:: Recorded data ::
____

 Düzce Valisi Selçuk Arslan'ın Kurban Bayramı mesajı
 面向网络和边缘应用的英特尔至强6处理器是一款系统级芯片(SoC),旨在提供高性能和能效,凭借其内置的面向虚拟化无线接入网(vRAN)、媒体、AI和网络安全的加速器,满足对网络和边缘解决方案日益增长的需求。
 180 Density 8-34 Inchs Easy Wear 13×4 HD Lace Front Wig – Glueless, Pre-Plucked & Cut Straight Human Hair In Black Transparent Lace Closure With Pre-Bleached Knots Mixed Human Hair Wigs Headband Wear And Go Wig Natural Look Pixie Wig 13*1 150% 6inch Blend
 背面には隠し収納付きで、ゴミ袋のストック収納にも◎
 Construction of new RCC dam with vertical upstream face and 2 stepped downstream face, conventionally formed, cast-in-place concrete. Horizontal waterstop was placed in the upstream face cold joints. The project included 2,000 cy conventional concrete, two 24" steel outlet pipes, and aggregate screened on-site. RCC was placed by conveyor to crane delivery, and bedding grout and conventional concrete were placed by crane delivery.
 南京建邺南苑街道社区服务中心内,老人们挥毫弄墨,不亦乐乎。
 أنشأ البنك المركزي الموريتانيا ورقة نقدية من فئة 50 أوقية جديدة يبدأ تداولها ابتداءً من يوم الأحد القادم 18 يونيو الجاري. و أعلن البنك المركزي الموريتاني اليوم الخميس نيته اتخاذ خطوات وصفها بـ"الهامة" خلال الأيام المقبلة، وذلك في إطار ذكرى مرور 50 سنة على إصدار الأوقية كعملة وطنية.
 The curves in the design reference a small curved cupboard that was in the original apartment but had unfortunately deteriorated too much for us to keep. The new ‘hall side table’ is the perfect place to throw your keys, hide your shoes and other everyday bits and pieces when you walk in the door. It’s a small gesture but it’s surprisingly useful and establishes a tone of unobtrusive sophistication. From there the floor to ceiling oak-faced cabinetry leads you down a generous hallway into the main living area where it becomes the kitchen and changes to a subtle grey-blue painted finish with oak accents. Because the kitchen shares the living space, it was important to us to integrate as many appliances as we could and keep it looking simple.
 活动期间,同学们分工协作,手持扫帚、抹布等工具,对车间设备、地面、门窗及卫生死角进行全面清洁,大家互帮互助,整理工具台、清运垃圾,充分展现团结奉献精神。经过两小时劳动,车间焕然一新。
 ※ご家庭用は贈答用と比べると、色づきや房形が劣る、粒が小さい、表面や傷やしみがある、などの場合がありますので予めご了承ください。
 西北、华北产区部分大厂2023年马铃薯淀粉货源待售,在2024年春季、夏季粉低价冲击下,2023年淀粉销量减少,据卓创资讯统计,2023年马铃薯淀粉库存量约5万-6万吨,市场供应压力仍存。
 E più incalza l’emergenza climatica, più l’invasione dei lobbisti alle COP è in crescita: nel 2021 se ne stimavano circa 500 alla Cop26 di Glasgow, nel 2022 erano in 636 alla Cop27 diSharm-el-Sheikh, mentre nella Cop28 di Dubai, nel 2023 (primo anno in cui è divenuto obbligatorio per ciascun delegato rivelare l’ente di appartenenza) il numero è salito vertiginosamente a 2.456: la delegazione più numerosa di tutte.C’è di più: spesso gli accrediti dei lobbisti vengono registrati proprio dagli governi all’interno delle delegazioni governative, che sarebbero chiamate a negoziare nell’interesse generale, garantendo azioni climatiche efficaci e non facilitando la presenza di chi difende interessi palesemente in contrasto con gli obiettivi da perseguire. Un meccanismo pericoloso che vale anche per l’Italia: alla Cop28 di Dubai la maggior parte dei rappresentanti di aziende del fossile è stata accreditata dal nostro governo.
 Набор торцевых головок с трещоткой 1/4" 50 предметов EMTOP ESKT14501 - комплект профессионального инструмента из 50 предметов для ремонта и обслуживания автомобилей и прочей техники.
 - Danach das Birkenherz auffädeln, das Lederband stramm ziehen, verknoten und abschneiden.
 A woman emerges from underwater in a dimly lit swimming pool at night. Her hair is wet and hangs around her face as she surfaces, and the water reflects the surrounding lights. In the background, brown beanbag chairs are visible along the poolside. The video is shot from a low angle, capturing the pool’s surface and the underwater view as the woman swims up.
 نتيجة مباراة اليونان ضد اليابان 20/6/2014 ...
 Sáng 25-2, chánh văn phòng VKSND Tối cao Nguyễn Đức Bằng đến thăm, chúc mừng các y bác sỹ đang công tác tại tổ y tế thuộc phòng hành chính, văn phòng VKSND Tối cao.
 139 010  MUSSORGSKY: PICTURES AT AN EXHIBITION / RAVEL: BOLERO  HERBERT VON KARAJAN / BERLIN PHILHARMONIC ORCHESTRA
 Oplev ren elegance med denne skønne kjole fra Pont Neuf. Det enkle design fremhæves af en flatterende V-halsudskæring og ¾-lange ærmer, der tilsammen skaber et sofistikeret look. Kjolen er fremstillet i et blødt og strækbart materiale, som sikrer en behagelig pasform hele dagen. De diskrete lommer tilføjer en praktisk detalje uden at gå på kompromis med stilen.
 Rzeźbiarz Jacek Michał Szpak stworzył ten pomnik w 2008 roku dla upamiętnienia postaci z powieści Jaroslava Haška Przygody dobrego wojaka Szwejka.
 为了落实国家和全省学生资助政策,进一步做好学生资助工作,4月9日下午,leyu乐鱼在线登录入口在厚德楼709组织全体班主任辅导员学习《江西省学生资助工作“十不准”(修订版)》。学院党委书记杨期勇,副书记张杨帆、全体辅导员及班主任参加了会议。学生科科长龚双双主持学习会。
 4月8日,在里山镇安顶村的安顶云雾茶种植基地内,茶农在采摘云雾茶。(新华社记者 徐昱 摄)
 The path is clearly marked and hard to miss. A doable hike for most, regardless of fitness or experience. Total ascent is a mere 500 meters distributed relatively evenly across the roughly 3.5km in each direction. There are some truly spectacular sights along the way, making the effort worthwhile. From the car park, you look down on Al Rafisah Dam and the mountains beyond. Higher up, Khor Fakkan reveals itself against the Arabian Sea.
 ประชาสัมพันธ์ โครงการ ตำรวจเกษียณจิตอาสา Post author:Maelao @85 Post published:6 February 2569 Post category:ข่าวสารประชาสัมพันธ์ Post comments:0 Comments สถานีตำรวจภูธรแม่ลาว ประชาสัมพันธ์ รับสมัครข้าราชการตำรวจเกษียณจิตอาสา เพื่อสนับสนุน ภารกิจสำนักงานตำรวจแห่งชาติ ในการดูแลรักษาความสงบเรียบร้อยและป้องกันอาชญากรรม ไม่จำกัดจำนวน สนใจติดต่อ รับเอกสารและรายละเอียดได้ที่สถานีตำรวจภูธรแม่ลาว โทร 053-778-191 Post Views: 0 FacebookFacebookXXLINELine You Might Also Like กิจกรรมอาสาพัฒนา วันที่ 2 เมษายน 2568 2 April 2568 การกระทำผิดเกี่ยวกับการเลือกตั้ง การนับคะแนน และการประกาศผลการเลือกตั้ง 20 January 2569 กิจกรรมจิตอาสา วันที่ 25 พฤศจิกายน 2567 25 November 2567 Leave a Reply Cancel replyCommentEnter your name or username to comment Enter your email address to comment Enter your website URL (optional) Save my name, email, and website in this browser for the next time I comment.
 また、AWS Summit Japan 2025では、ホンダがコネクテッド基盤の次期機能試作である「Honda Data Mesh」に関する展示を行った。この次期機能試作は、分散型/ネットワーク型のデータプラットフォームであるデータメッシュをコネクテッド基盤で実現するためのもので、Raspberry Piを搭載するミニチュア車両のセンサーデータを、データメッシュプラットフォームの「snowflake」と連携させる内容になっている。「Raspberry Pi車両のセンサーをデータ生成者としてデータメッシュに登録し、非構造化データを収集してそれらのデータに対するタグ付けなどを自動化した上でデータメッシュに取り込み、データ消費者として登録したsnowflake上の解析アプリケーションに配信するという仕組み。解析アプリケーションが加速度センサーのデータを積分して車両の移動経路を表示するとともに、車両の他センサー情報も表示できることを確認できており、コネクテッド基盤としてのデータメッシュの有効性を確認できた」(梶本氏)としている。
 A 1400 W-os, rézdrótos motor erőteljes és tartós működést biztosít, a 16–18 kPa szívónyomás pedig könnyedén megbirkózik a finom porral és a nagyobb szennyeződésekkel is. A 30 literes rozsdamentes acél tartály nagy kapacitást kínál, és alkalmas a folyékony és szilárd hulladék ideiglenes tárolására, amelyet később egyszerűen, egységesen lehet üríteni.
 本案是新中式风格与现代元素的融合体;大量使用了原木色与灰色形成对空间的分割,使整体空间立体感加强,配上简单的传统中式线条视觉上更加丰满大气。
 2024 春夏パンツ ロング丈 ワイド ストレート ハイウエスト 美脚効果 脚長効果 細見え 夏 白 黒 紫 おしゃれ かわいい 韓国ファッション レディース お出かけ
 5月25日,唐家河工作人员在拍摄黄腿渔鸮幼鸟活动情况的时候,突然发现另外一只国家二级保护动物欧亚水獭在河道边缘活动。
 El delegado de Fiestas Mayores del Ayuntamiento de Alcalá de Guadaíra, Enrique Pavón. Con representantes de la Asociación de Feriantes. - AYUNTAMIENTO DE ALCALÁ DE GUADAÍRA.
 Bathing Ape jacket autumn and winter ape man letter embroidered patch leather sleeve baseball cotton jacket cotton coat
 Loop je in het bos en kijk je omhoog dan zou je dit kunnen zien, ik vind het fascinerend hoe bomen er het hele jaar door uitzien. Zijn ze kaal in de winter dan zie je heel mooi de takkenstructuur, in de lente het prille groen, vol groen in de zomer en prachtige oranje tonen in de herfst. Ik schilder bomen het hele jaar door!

____

:: Problem details ::
Once the line containing "The curves in" has been written out, please stop; every line before it, back to the first line of the records above, should be given exactly.

:: Response to the task ::
 Düzce Valisi Selçuk Arslan'ın Kurban Bayramı mesajı
 面向网络和边缘应用的英特尔至强6处理器是一款系统级芯片(SoC),旨在提供高性能和能效,凭借其内置的面向虚拟化无线接入网(vRAN)、媒体、AI和网络安全的加速器,满足对网络和边缘解决方案日益增长的需求。
 180 Density 8-34 Inchs Easy Wear 13×4 HD Lace Front Wig – Glueless, Pre-Plucked & Cut Straight Human Hair In Black Transparent Lace Closure With Pre-Bleached Knots Mixed Human Hair Wigs Headband Wear And Go Wig Natural Look Pixie Wig 13*1 150% 6inch Blend
 背面には隠し収納付きで、ゴミ袋のストック収納にも◎
 Construction of new RCC dam with vertical upstream face and 2 stepped downstream face, conventionally formed, cast-in-place concrete. Horizontal waterstop was placed in the upstream face cold joints. The project included 2,000 cy conventional concrete, two 24" steel outlet pipes, and aggregate screened on-site. RCC was placed by conveyor to crane delivery, and bedding grout and conventional concrete were placed by crane delivery.
 南京建邺南苑街道社区服务中心内,老人们挥毫弄墨,不亦乐乎。
 أنشأ البنك المركزي الموريتانيا ورقة نقدية من فئة 50 أوقية جديدة يبدأ تداولها ابتداءً من يوم الأحد القادم 18 يونيو الجاري. و أعلن البنك المركزي الموريتاني اليوم الخميس نيته اتخاذ خطوات وصفها بـ"الهامة" خلال الأيام المقبلة، وذلك في إطار ذكرى مرور 50 سنة على إصدار الأوقية كعملة وطنية.
 The curves in the design reference a small curved cupboard that was in the original apartment but had unfortunately deteriorated too much for us to keep. The new ‘hall side table’ is the perfect place to throw your keys, hide your shoes and other everyday bits and pieces when you walk in the door. It’s a small gesture but it’s surprisingly useful and establishes a tone of unobtrusive sophistication. From there the floor to ceiling oak-faced cabinetry leads you down a generous hallway into the main living area where it becomes the kitchen and changes to a subtle grey-blue painted finish with oak accents. Because the kitchen shares the living space, it was important to us to integrate as many appliances as we could and keep it looking simple.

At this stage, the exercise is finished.